_Recorded data:_
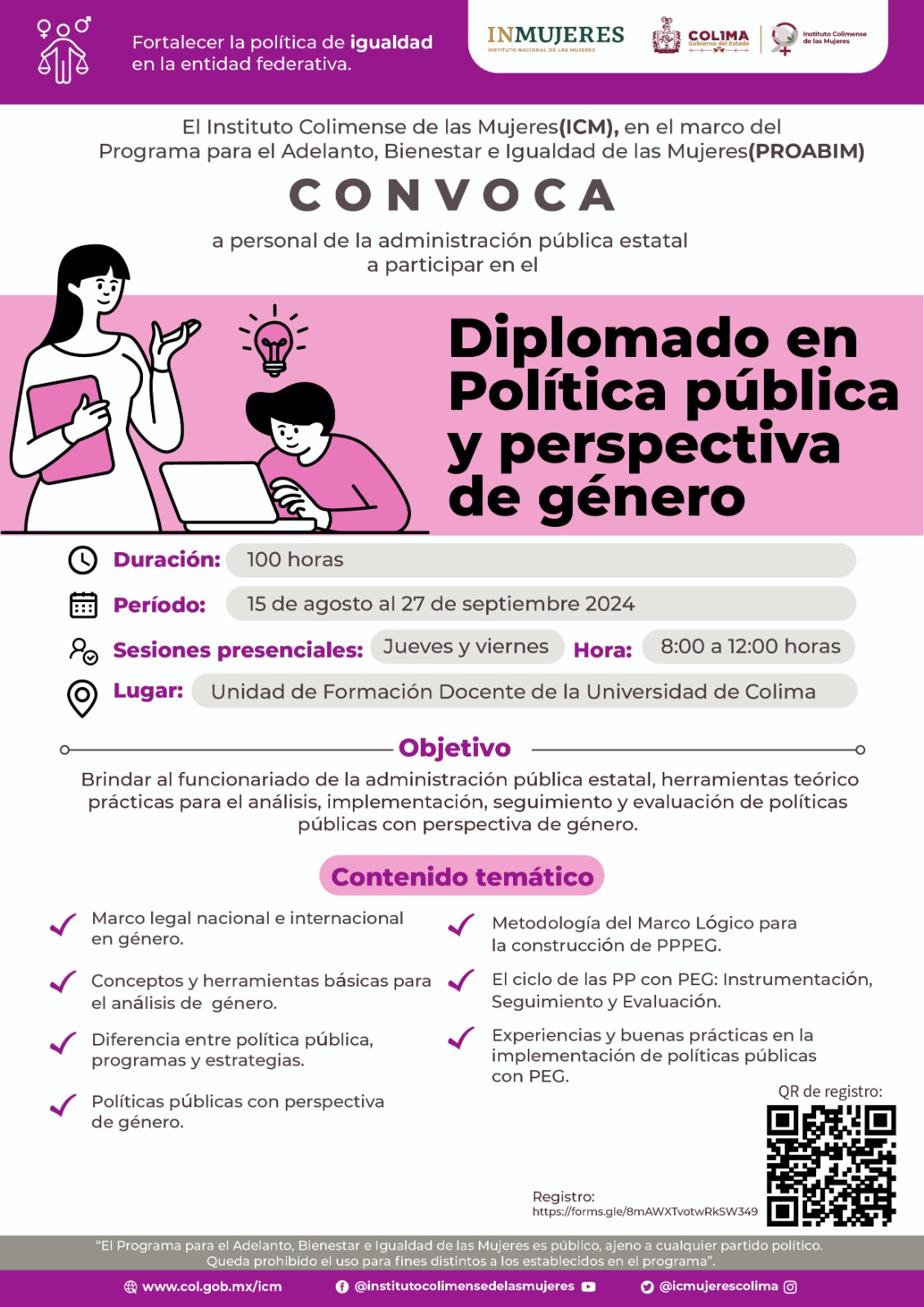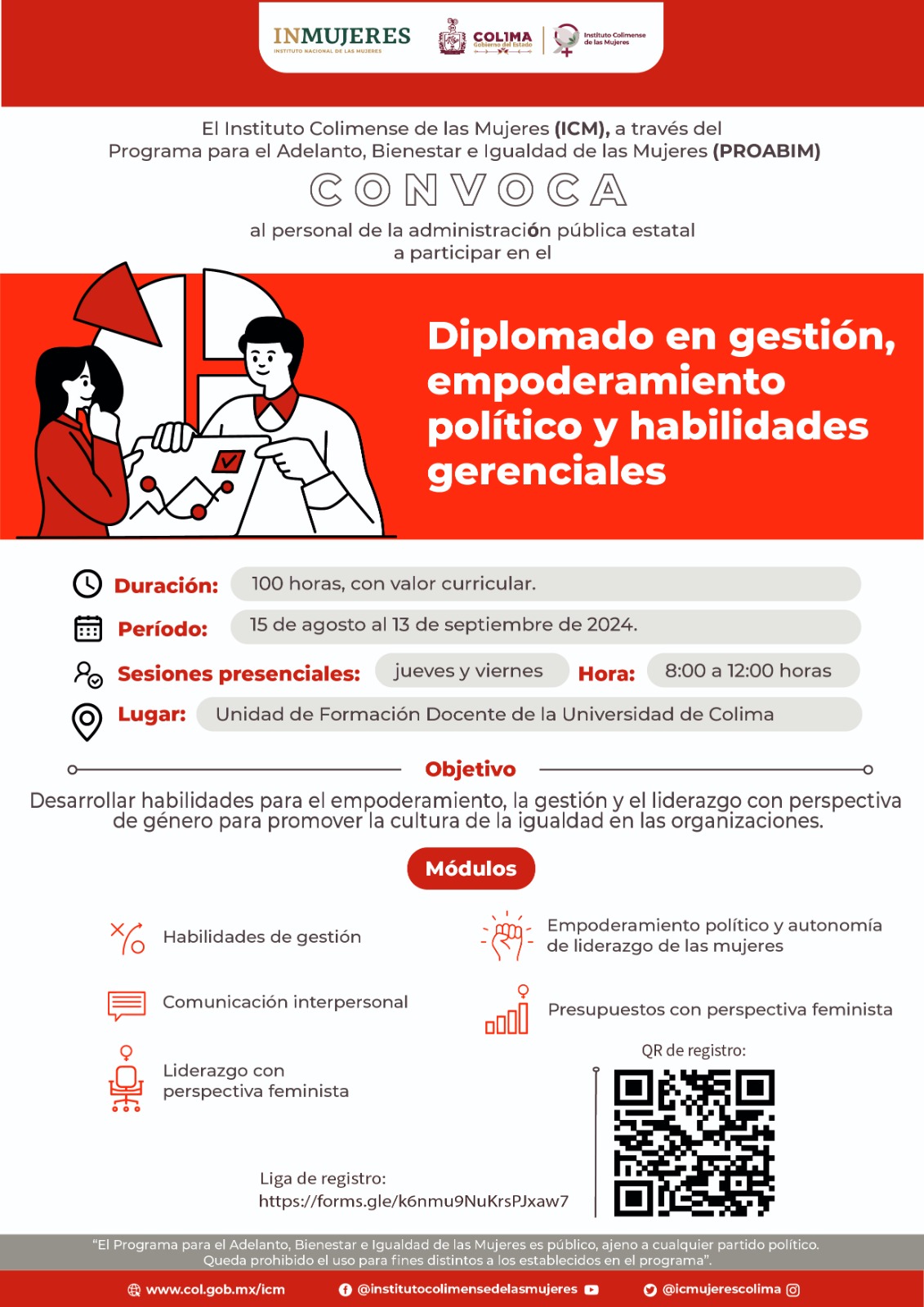 El Gobierno del Estado de Colima, a través del Instituto Colimense de las Mujeres (ICM), invita a quienes integran las Unidades para la Igualdad de Género (UIG) en la administración pública estatal, así como a servidoras y servidores públicos, a inscribirse a los Diplomados en Política Pública y Perspectiva de Género y Gestión, Empoderamiento Político y Habilidades Gerenciales, que se impartirán gratuitamente en instalaciones de la Universidad de Colima.
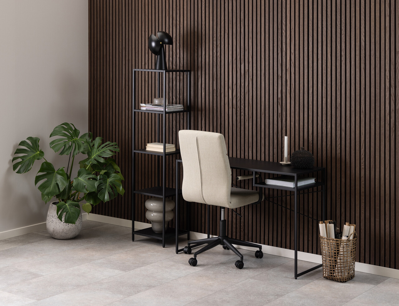 Scaun de birou Nolan, Actona, 52x60x93 cm, rotativ, tesatura structurata/otel, bej
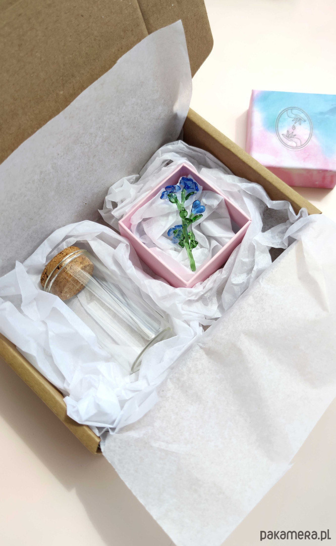Gdy produkt do Ciebie dotrze, wyjmij szklaną gałązkę z pudełeczka i delikatnie umieść w buteleczce. Buteleczkę zamknij korkiem i gotowe :) Teraz znajdź dla swojego mini bukietu miejsce, w którym będziesz mogła/mógł podziwi

_Work instructions:_ Output all of the data exactly. Skip the pictures.

_Result of this task:_
 El Gobierno del Estado de Colima, a través del Instituto Colimense de las Mujeres (ICM), invita a quienes integran las Unidades para la Igualdad de Género (UIG) en la administración pública estatal, así como a servidoras y servidores públicos, a inscribirse a los Diplomados en Política Pública y Perspectiva de Género y Gestión, Empoderamiento Político y Habilidades Gerenciales, que se impartirán gratuitamente en instalaciones de la Universidad de Colima.
 Scaun de birou Nolan, Actona, 52x60x93 cm, rotativ, tesatura structurata/otel, bej
Gdy produkt do Ciebie dotrze, wyjmij szklaną gałązkę z pudełeczka i delikatnie umieść w buteleczce. Buteleczkę zamknij korkiem i gotowe :) Teraz znajdź dla swojego mini bukietu miejsce, w którym będziesz mogła/mógł podziwi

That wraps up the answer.